» Material provided:
----
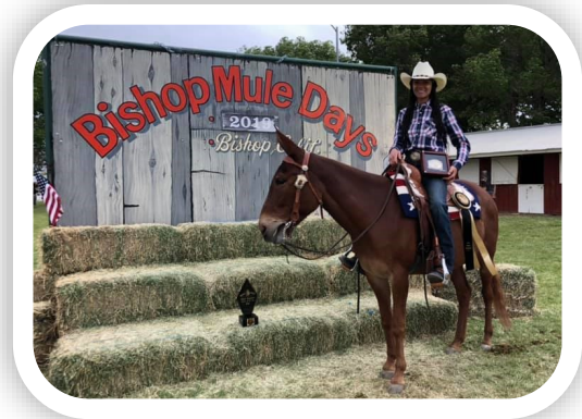
Strawberry & Abby
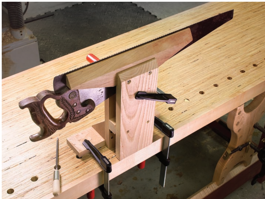
Hold it right there. Scrap wood and clamps, along with an hour or two of your time, provide you with the means to hold your saw steady and quiet while you sharpen.

A saw vise does two things: It puts the blade at a convenient height and the jaws keep the blade from vibrating as you file. Before you follow our plan, however, give some thought to
----
» Problem to solve:
Copy the data word for word. Pictures do not go in the copy.

» Problem solution:
Strawberry & Abby
Hold it right there. Scrap wood and clamps, along with an hour or two of your time, provide you with the means to hold your saw steady and quiet while you sharpen.

A saw vise does two things: It puts the blade at a convenient height and the jaws keep the blade from vibrating as you file. Before you follow our plan, however, give some thought to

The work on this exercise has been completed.